Kilka tygodni temu Google zaprezentowało własny tablet (stworzony z Asusem) i natychmiast pojawiły się komentarze i analizy, z których wynikało, iż możemy mieć do czynienia z prawdziwym hitem. I nikogo nie powinno to dziwić – Nexus 7 ma niezłe parametry, spore perspektywy rozwoju, a co najważniejsze: jest tani. Czy to wystarczyło, by sprzęt rozchodził się niczym przysłowiowe ciepłe bułeczki?
Z doniesień amerykańskich sklepów i samego Google wynika, iż 7-calowy tablet internetowego giganta bije rekordy popularności. Pierwsza partia sprzętu rozeszła się natychmiast i wiele wskazuje na to, że osoby zainteresowane tym gadżetem, będą na niego musiały poczekać do sierpnia (pojawi się wówczas trzecia partia tego urządzenia, partia druga podobno też została już wyprzedana w przedsprzedaży). Nie pojawiły się dokładne dane, dotyczące liczby zrealizowanych tabletów, ale z reakcji sieci handlowych i samego Google można wnioskować, że mowa o większej ilości.
Jednocześnie z publikacją tych informacji, trwa dyskusja na temat kosztu produkcji tabletów Google. Pojawiły się już rożne plotki na temat tego, ile Google i Asus płacą za wyprodukowanie urządzeń z 8 GB oraz 16 GB pamięci i trzeba przyznać, że są one dość rozbieżne. Wcześniej pojawiły się doniesienia, iż wyprodukowanie tańszego modelu to koszt 184 dolarów (nie wlicza się w to kosztów logistyki i marketingu). Tym samym, zarobek na wersji tańszej jest mizerny (o ile w ogóle jest), ale wersja droższa przynosi już konkretne zyski (dodanie 8 GB pamięci nie jest aż tak drogim zabiegiem). Teraz w branży krążą informacje, które wskazują na jeszcze mniejszy koszt produkcji wspomnianych urządzeń. Ponoć wyprodukowanie tańszego modelu to wydatek rzędu 151 dolarów. Jeżeli bliższa prawdy jest ta wersja, to korporacja z Mountain View i Asus zarabiają nawet na tańszym tablecie. A na droższym robią niezły biznes.
Bez względu na to, ile faktycznie firmy płaca za wyprodukowanie i realizację tego sprzętu, oczywistym jest, że prawdziwe zyski pojawią się z czasem. Google zamierza przecież (podobnie jak Amazon) zarabiać na sprzedaży treści oraz reklamach i to właśnie na tym obszarze należy szukać powodów, które skłoniły amerykańską firmę do wypuszczenia sprzętu pod własną marką (oczywiście znalazłoby się ich przynajmniej kilka)
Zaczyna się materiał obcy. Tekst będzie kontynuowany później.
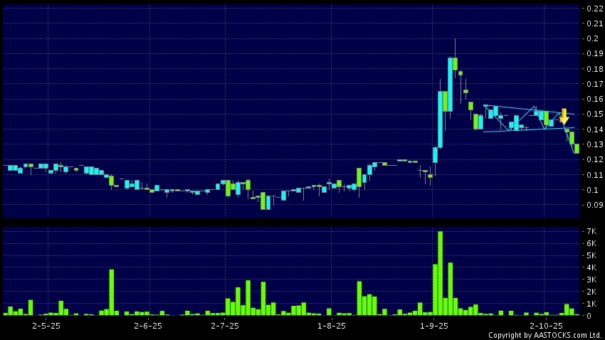 Triangle Breakout means the volatility of price movement is decreasing, stock price finally broke the bottom of triangle. A downward trend will start.(HK stocks quote is delayed for at least 15 mins.)
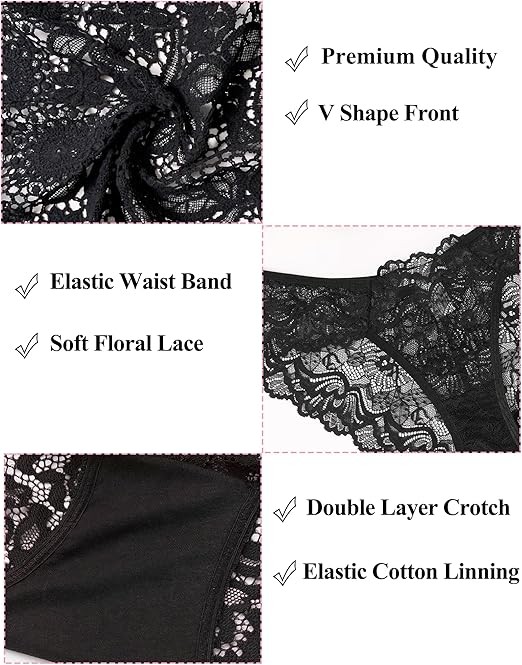 Avidlove Women's Lace Lingerie Sexy Low-Rise Panties Breathable Bikini Briefs 3-6 Pack
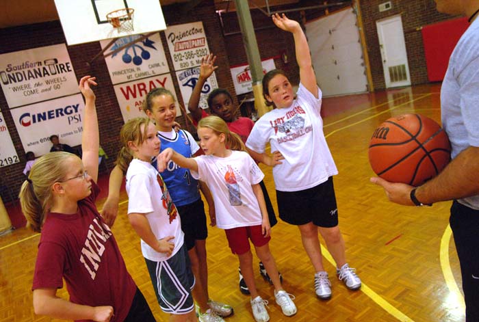 Coach Jay Thompson offers his girls a quick talk on how to shoot the basketball properly, to make sure they know to follow through with their shots. The girls are, from left, Alyssa Koberstein, 9, Rylee Page, 9, Brooke Walden, 10, Meghan Bock, 10, Jackie Young, 9 and Raelynn Thompson, 10. (Evansville IN Courier Press from November 6, 2006)
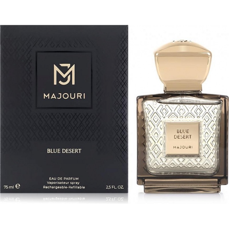 Брутальная композиция Blue Desert от Majouri напоминает освежающий и жизнерадостный рассвет. Когда солнце дает волшебный эффект «голубого песка». Это идеальный эликсир для тех, кто стремится к побегу из пыльного мегаполиса. Парфюмерная вода издана креативным французским брендом в 2019 году. Фирменный флакон окрашен в золотистый, песочный цвет.

Jednocześnie pojawia się pytanie o termin rozpoczęcia sprzedaży tego sprzętu poza granicami USA. Jeśli sklepy mają problemy z zaopatrzeniem i minie trochę czasu, nim zainteresowanie produktem spadnie, to nie należy się chyba spodziewać, że tablet szybko trafi do innych państw. Wszak rynek amerykański jest w tym przypadku absolutnym priorytetem.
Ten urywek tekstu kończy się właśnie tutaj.